Where do you live and what do you like about it ?
Thank you


----------



## attila (Sep 14, 2012)

come to bodrum


----------



## stmary (Dec 30, 2012)

Hi ,we been to Bodrum , the town is magic , love the front and taxi boats that take you over to and from your hotel , Great whilst walking round bodrum ,But my those hills when you get out of town ............
ha ha puff ,pant and sweat whilt walking up those roads , Don't know how the locals go on , or do they all drive and take the dolmus .
What part do you live in and do you live out of the town ? cheers


----------



## Newbytr (Jan 9, 2013)

Bodrum is expensive place really ask yourself worth for this ? If asking to me nah really Antalya much better from bodrum my idea.
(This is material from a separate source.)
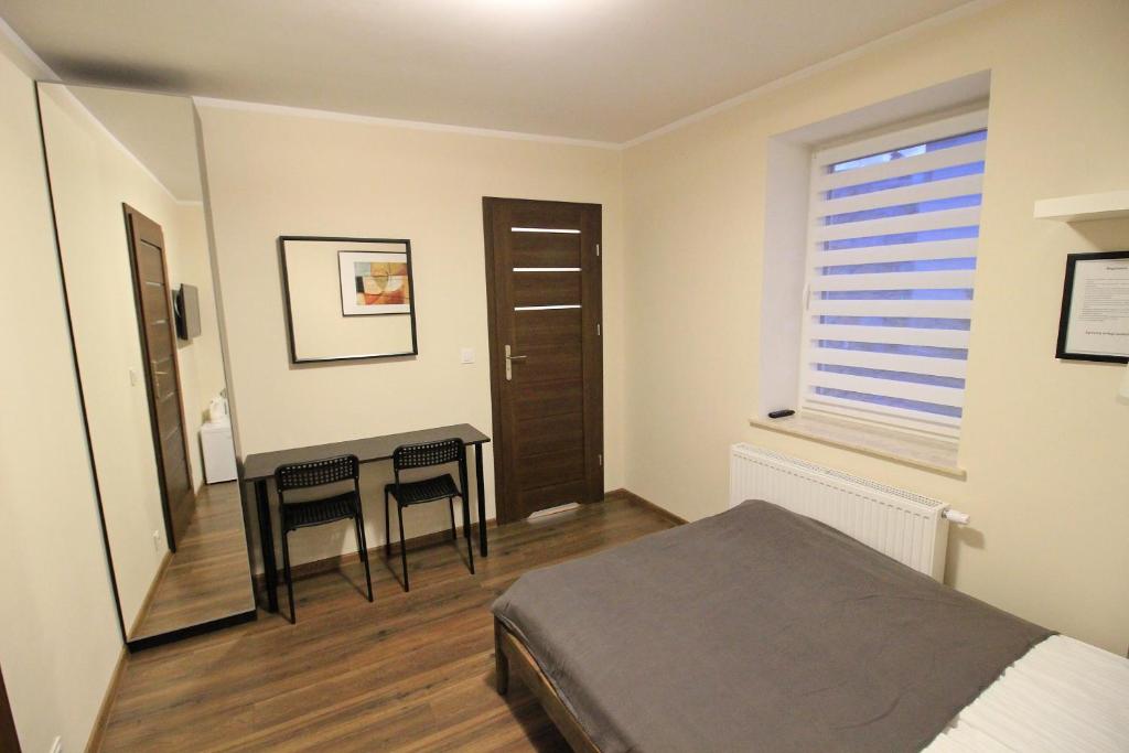 Studio. The studio features heating, as well as a private bathroom featuring a shower. The kitchenette is equipped with a stovetop, a refrigerator and kitchenware. The studio provides a private entrance, a wardrobe, an electric kettle, a flat-screen TV, as well as garden views. The unit offers 2 beds. Studio - 4 osobowy. Powierzchnia pokoju ok.: 25 mkw. ;

Alanya or Altınkum both is good places for living but ppl calling alanya now little russia really soo much russian ppl arround there soo your choice


----------



## Newbytr (Jan 9, 2013)

But i'm forget to say one more important information Didim had low humidity and high oxygen from Alanya. Alanya is much warmer than Didim. If you have any health (asthma) problems would be wise to choice Didim.


----------



## AlexDhabi (Aug 23, 2012)

I am currently buying a retirement home for myself in Akbuk which is near Altinkum/Didim. Reasons include:
Clean area with lovely countryside and seaside within walking distance
Reasonable house prices (it gets more expensive towards Bodrum)
Nice range of supermarkets, restaurants and bars; fabulous weekly market
Quiet and yet enough to do including outdoor activities
Mixed expat and Turkish community even out of season
Between Izmir and Bodrum/Milas airports so can travel to/from for either
It's even feasible to live/stay there without a car (but I doubt I will be able to do that)


----------



## attila (Sep 14, 2012)

bodrum is for all kind of taste of life included weather.. I m talking about all peninsula .. if houses are more expensive you sell it more expensive ..


----------



## houstonian2012 (Jul 16, 2012)

stmary said:


> Hi every one , we are looking to retire in 3 yrs time to Turkey , we don't know if we want to live in Altinkum / didim , or Antaly / Alanya areas .
> We have visited Altinkum many times over 9 yrs and know it well , but feel we would like a change and visit Alanya and go from there .
> What do you think? Which is best ...............
> Where do you live and what do you like about it ?
> Thank you


I'd have preferred Didim for retirement as its less commercial than Alanya / Antalya ...in Didim you got good weather, cheaper homes, local people and tons of expats. It's ur call to mingle with locals or expats as you've options...Antalya area is more like a party town with people coming and going in a fast paced life..


----------



## stmary (Dec 30, 2012)

Thank you very much for that , NO NO then to Alanya , thought as much , we are so glad you have imformed us this regarding the party party life , we like life but not like that , thank you


----------



## stmary (Dec 30, 2012)

Hi, we know Akbuk , been there a few times , we sat on the front in June last year and ate in a lovely cafe , went round the shops , markets , right enjoyed our selfs , then bus back home , so we can see why your buying there and living too , nice life for you . 
we have to wait 3 yrs to get there and it can't arrive quick enough , happy days hey , thank you very much for your post , enjoy your life there


----------



## aliveinturkey (Jan 26, 2013)

stmary said:


> Hi every one , we are looking to retire in 3 yrs time to Turkey , we don't know if we want to live in Altinkum / didim , or Antaly / Alanya areas .
> We have visited Altinkum many times over 9 yrs and know it well , but feel we would like a change and visit Alanya and go from there .
> What do you think? Which is best ...............
> Where do you live and what do you like about it ?
> Thank you


Don't do anything until you visit Fethiye. It was originally a farming and fishing village and still operates as such, having added tourism. It is an ancient Lycian/Greek city on a small bay on a larger gulf. Surrounded by snow covered mountains right now, it usually doesn't even frost in town. The population of the greater area is 77,000 so it is possible to know merchants personally over time and get to know the community, both British and local. 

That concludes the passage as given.